- [Task]: Please repeat the records word for word and skip the pictures.

- [Records to process]:
******************************

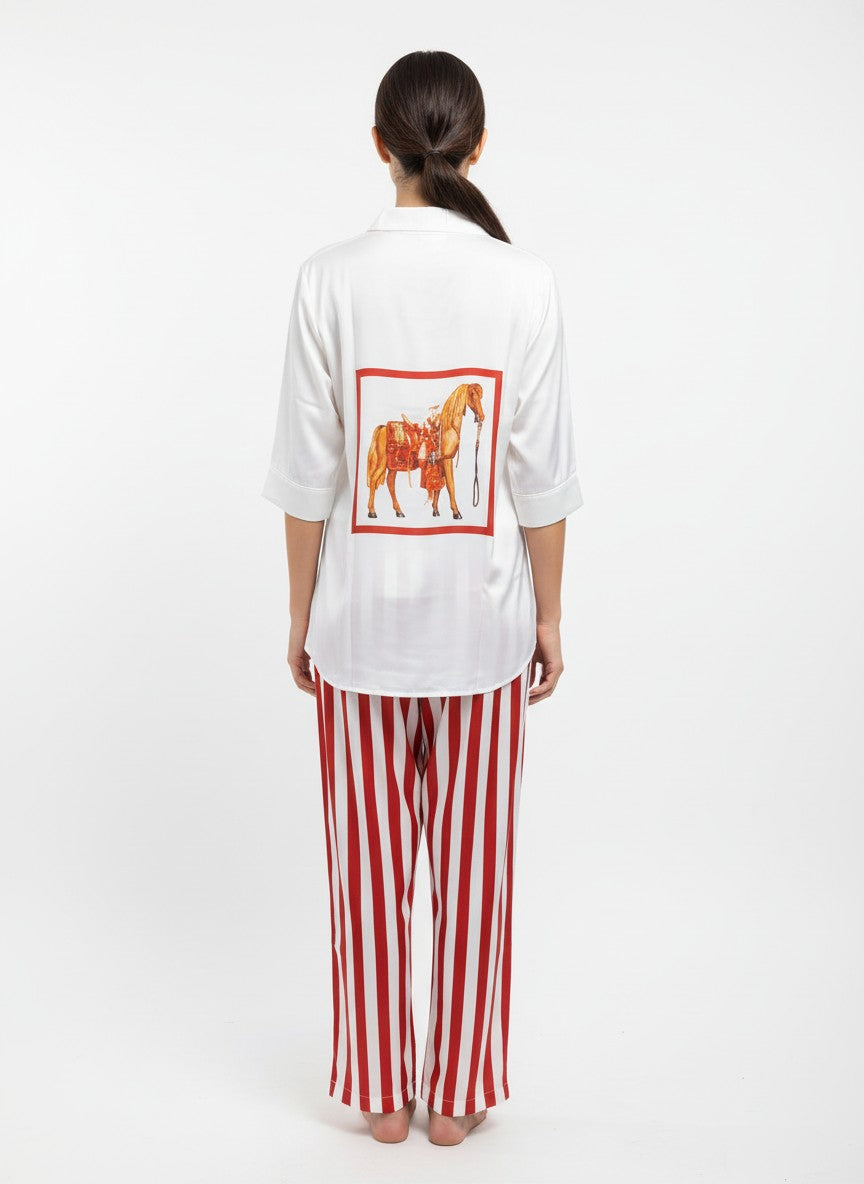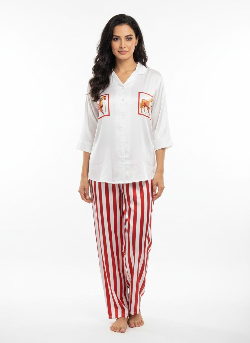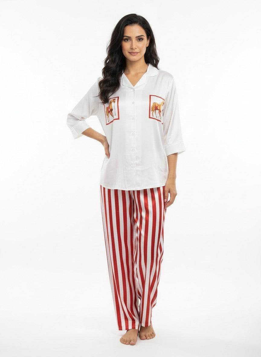 Experience ultimate comfort and luxury with this Womenstyle pyjama set, designed for relaxation and everyday ease. Featuring a regular fit silhouette, long sleeves, a collar neck, and button closure, it boasts a stylish graphic print. Crafted from Italian satin, it offers a lightweight feel, stretchability, and suitability for all seasons. Easy to care for with machine wash cold instructions, this set is perfect for lounging or sleep in refined comfort.
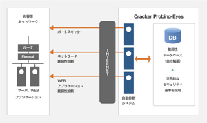 デイリー自動脆弱性診断 -Cracker Probing-Eyes®- インターネット越しにお客様サイトの脆弱性をチェックする、自動診断ツールです。 |
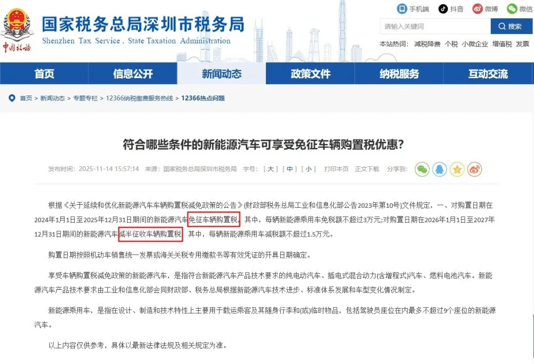🚗 Nové energetické vozy: Před zakoupením nového energetického vozu do 31. prosince 2025 se neplatí daň z koupě, od roku 2026 se sníží o polovinu. 100000 vozidel platí navíc 4425 RMB, 200000 vozidel navíc 8850 RMB, majitelé základních potřeb by neměli propásnout poslední okno (podle data vystavení faktury).
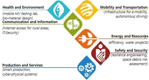 사회에 도움이 되고 기업에서 직접 적용 가능한 응용과학 중심 연구로 응용을 전제로 한 연구와 독일 국방부를 위한 연구가 중심이다.
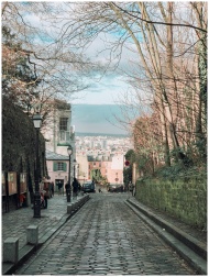 Picturesque cobblestone street in Montmartre with city view, capturing Parisian charm.
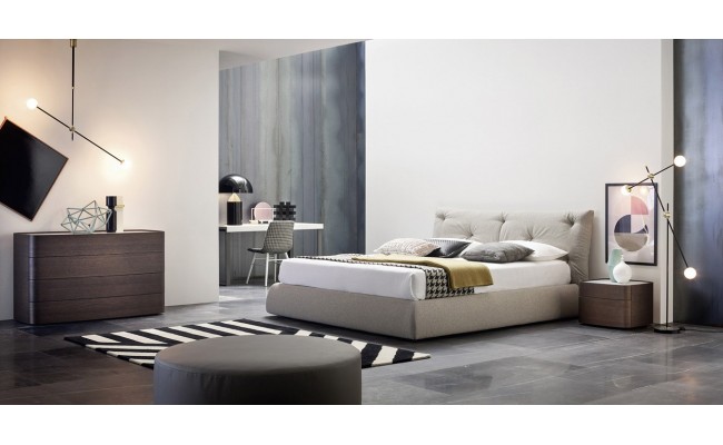 Nella collezione notte Norman si incontrano la solidità del legno, disponibile in rovere miele e rovere terra, e la sobria eleganza del marmo di Carrara.

******************************

- [Solution to this exercise]:
 Experience ultimate comfort and luxury with this Womenstyle pyjama set, designed for relaxation and everyday ease. Featuring a regular fit silhouette, long sleeves, a collar neck, and button closure, it boasts a stylish graphic print. Crafted from Italian satin, it offers a lightweight feel, stretchability, and suitability for all seasons. Easy to care for with machine wash cold instructions, this set is perfect for lounging or sleep in refined comfort.
 デイリー自動脆弱性診断 -Cracker Probing-Eyes®- インターネット越しにお客様サイトの脆弱性をチェックする、自動診断ツールです。 |
🚗 Nové energetické vozy: Před zakoupením nového energetického vozu do 31. prosince 2025 se neplatí daň z koupě, od roku 2026 se sníží o polovinu. 100000 vozidel platí navíc 4425 RMB, 200000 vozidel navíc 8850 RMB, majitelé základních potřeb by neměli propásnout poslední okno (podle data vystavení faktury).
 사회에 도움이 되고 기업에서 직접 적용 가능한 응용과학 중심 연구로 응용을 전제로 한 연구와 독일 국방부를 위한 연구가 중심이다.
 Picturesque cobblestone street in Montmartre with city view, capturing Parisian charm.
 Nella collezione notte Norman si incontrano la solidità del legno, disponibile in rovere miele e rovere terra, e la sobria eleganza del marmo di Carrara.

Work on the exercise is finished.